XPath
即为XML路径语言(XML Path Language),它是一种用来确定XML文档中某部分位置的语言
总结及注意事项
- 获取文本内容用 text()
- 获取注释用 comment()
- 获取其它任何属性用@xx,如
- @href
- @src
- @value
In [1]:
from lxml import etree
In [18]:
sample1 = """<html>
<head>
<title>My page</title>
</head>
<body>
<h2>Welcome to my <a href="#" src="x">page</a></h2>
<p>This is the first paragraph.</p>
<!-- this is the end -->
</body>
</html>
"""
In [3]:
def getxpath(html):
return etree.HTML(html)
s1 = getxpath(sample1)
# 获取标题(两种方法都可以)
#有同学在评论区指出我这边相对路径和绝对路径有问题,我搜索了下
#发现定义如下图
s1.xpath('//title/text()')
s1.xpath('/html/head/title/text()')
Out[9]:
['My page']
In [21]:
s1.xpath('//h2/a/@src')
Out[21]:
['x']
In [13]:
s1.xpath('//@href')
Out[13]:
['#']
In [14]:
s1.xpath('//text()')
Out[14]:
['\n ',
'\n ',
'My page',
'\n ',
'\n ',
'\n ',
'Welcome to my ',
'page',
'\n ',
'This is the first paragraph.',
'\n ',
'\n ',
'\n']
In [22]:
s1.xpath('//comment()')
Out[22]:
[<!-- this is the end -->]
In [23]:
sample2 = """
<html>
<body>
<ul>
<li>Quote 1</li>
<li>Quote 2 with <a href="...">link</a></li>
<li>Quote 3 with <a href="...">another link</a></li>
<li><h2>Quote 4 title</h2> ...</li>
</ul>
</body>
</html>
"""
In [24]:
s2.xpath('//li/text()')
In [28]:
#所有的li
s2.xpath('//li/text()')
Out[28]:
['Quote 1', 'Quote 2 with ', 'Quote 3 with ', ' ...']
In [38]:
#获取第1个li
s2.xpath('//li[position() = 1]/text()')
s2.xpath('//li[1]/text()')
#获取第2个li
s2.xpath('//li[position() = 2]/text()')
s2.xpath('//li[2]/text()')
Out[38]:
['Quote 2 with ']
In [79]:
#所有基数位的li
s2.xpath('//li[position() mod2 = 1]/text()')
#所有偶数位的li
s2.xpath('//li[position() mod2 = 0]/text()')
#取li最后一个的
s2.xpath('//li[last()]/text()')
Out[79]:
[' ...']
In [78]:
# li下面有a的
s2.xpath('//li[a]/text()')
#li 下面有a活着h2的
s2.xpath('//li[a or h2]/text()')
Out[78]:
['Quote 2 with ', 'Quote 3 with ', ' ...']
In [90]:
#获取a 和 h2
s2.xpath('//a/text()|//h2/text()')
Out[90]:
['link', 'another link', 'Quote 4 title']
In [110]:
sample3 = """<html>
<body>
<ul>
<li id="begin"><a href="https://scrapy.org">Scrapy</a>begin</li>
<li><a href="https://scrapinghub.com">Scrapinghub</a></li>
<li><a href="https://blog.scrapinghub.com">Scrapinghub Blog</a></li>
<li id="end"><a href="http://quotes.toscrape.com">Quotes To Scrape</a>end</li>
<li data-xxxx="end" abc="abc"><a href="http://quotes.toscrape.com">Quotes To Scrape</a>end</li>
</ul>
</body>
</html>
"""
In [111]:
s3 = getxpath(sample3)
In [109]:
#获取 a标签下 href以https开始的
s3.xpath('//a[starts-with(@href, "https")]/text()')
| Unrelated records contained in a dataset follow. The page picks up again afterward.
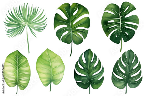 © WITCHA, Fototapeta premium Set of tropical vector leaves. Variety. Ornamental plants. White background ,Generative AI
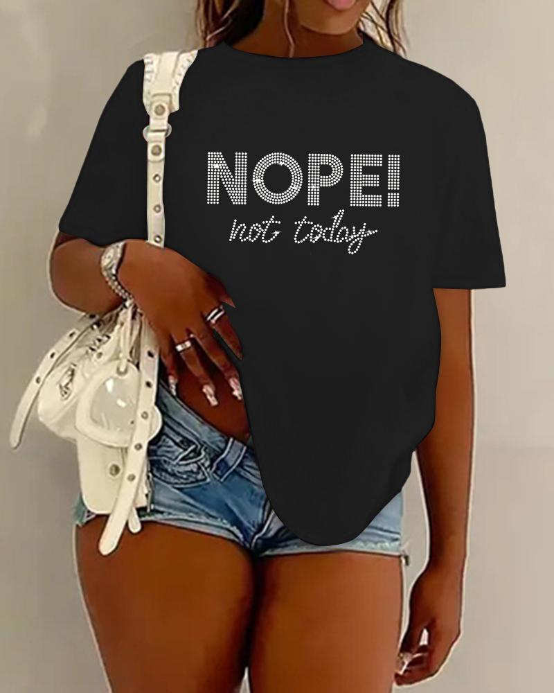 Rhinestone Nope Not Today Pattern Crew Neck Top
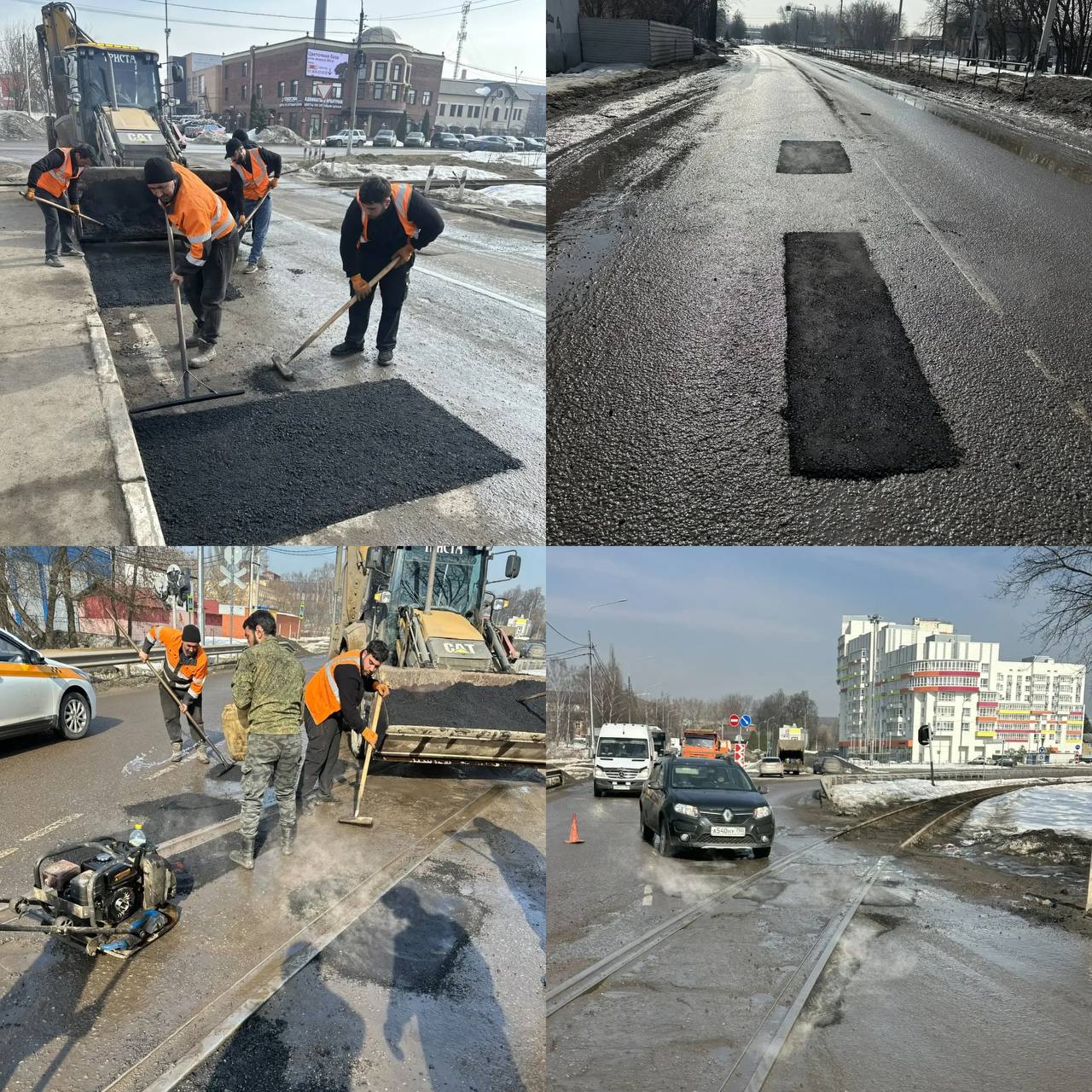 Продолжаем работы по ямочному ремонту. На фото — улицы Краснознаменская и Фабричная.
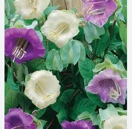 Кобея лазающая Винно-белая. Обильноцветущее растение-лиана. Смесь сортов с цветками белых и фиолетовых оттенков. Побеги длиной до 400 см создают живой занавес из густой листвы и крупных колокольчатых цветков диаметром 7-9 см. Кобею используют для вертикального озеленения беседок, пергол, стен, заборов и выращивания в контейнерах. По окончании сезона можно сохранить растения в прохладном помещении до следующей весны.
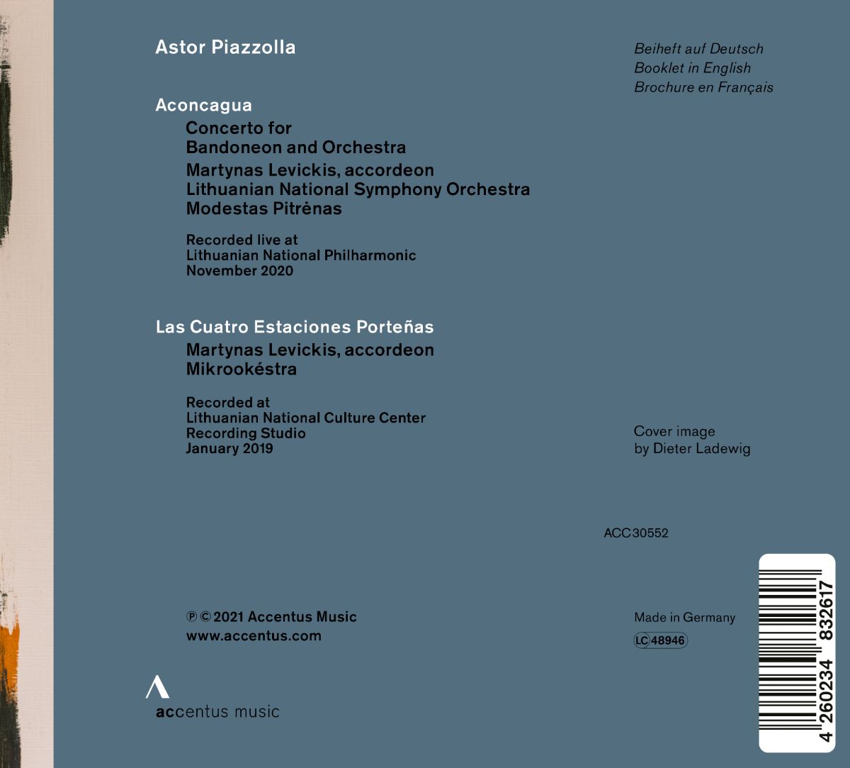 Piazzolla schrieb die vier Tango der „Cuatro Estaciones porteñas“ ursprünglich einzeln für sein eigenes Ensemble in der Besetzung Violine, Klavier, E-Gitarre, Kontrabass und Bandoneon. Ihre volle Wirkung entfalten die Stücke allerdings als „Konzert“ für Kammerorchester und Bandoneon. Der litauische Akkordeonist Martynas Levickis hat nun die „Vier Jahreszeiten“ aus Buenos Aires gemeinsam mit Piazzollas ‚echtem‘ Konzert für Bandoneon und Orchester „Aconcagua“ aufgenommen. Den Orchesterpart übernimmt auf dem Album das Lithuanian National Symphony Orchestra unter der Leitung von Modestas Pitrenas bzw. das Kammerensemble Mikrookéstra.
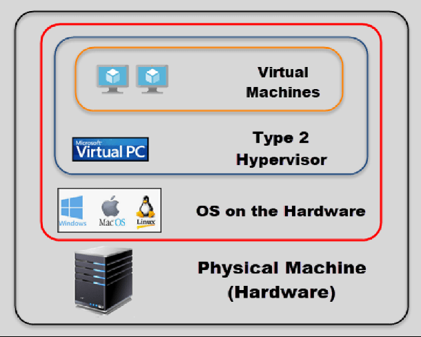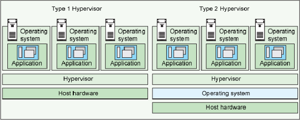 - Гипервизор типа 2: гипервизоры работают в операционной системе хоста, которая предоставляет услуги виртуализации, такие как поддержка устройств ввода-вывода и управление памятью.
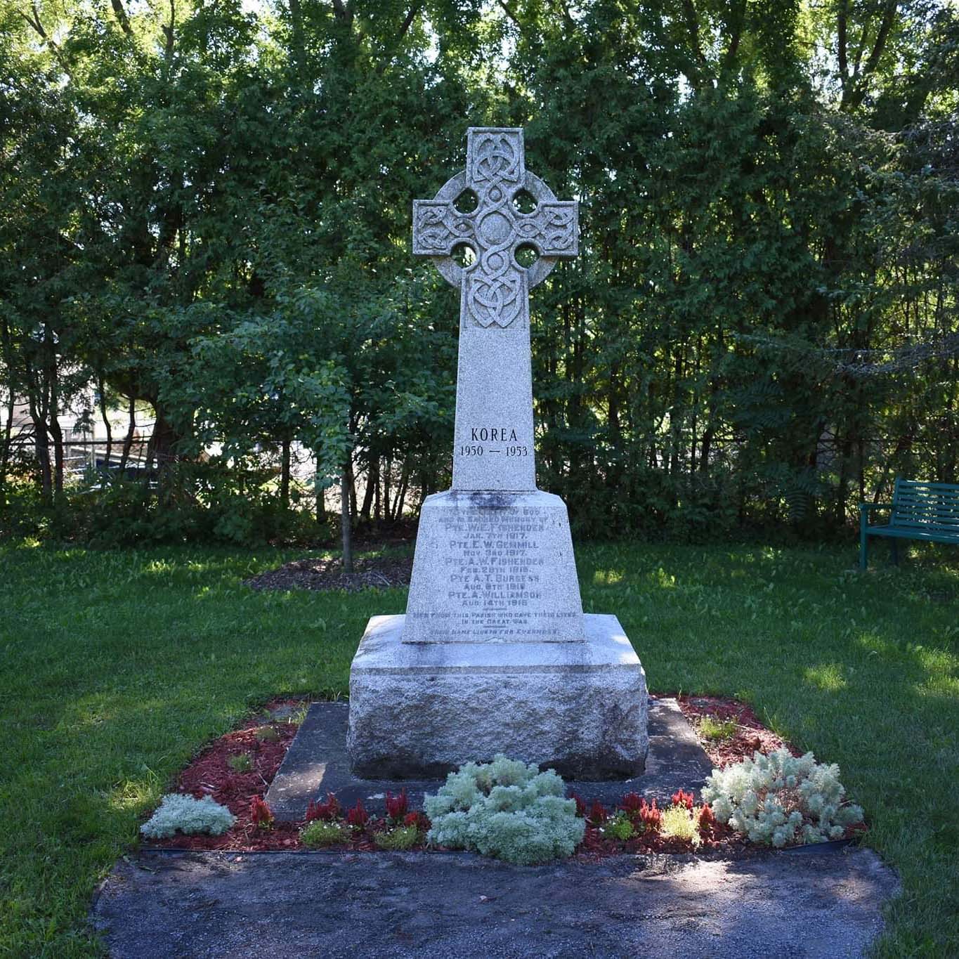 The Celtic Cross of the memorial symbolizes the Irish heritage of the early settlers to this area. The names of the brave men who made the supreme sacrifice in the World Wars are listed on the cenotaph.
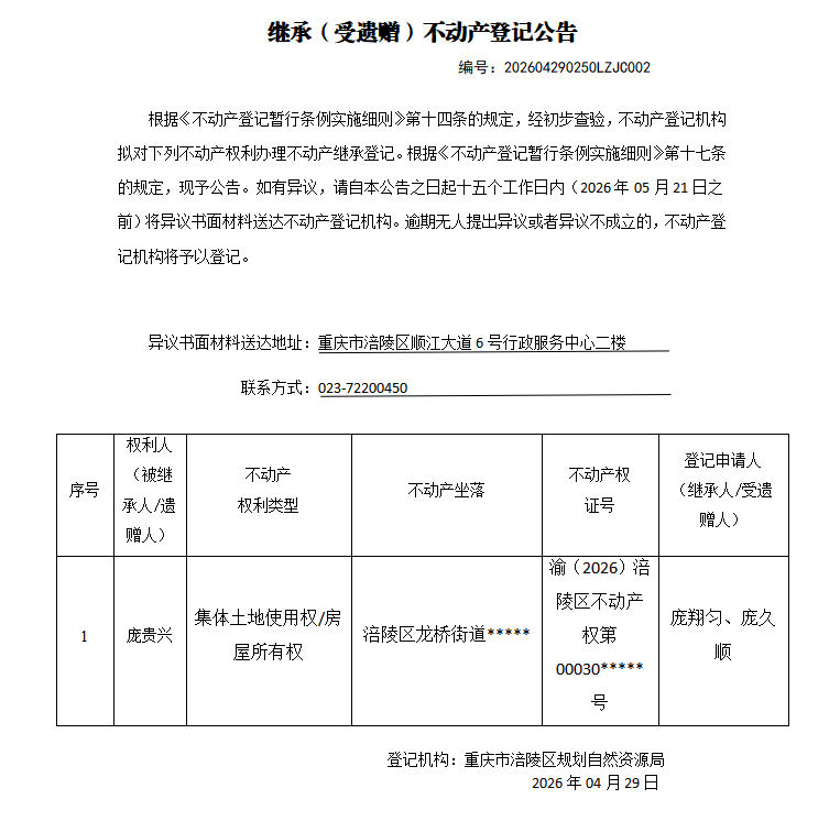 足球竞彩网 不动产继承公告202604290250LZJC002号

#获取 href=https://scrapy.org
s3.xpath('//li/a[@href="https://scrapy.org"]/text()')
#获取 id=begin
s3.xpath('//li[@id="begin"]/text()')
#获取text=Scrapinghub
s3.xpath('//li/a[text()="Scrapinghub"]/text()')
Out[109]:
['Scrapinghub']
In [113]:
#获取某个标签下 某个参数=xx
s3.xpath('//li[@data-xxxx="end"]/text()')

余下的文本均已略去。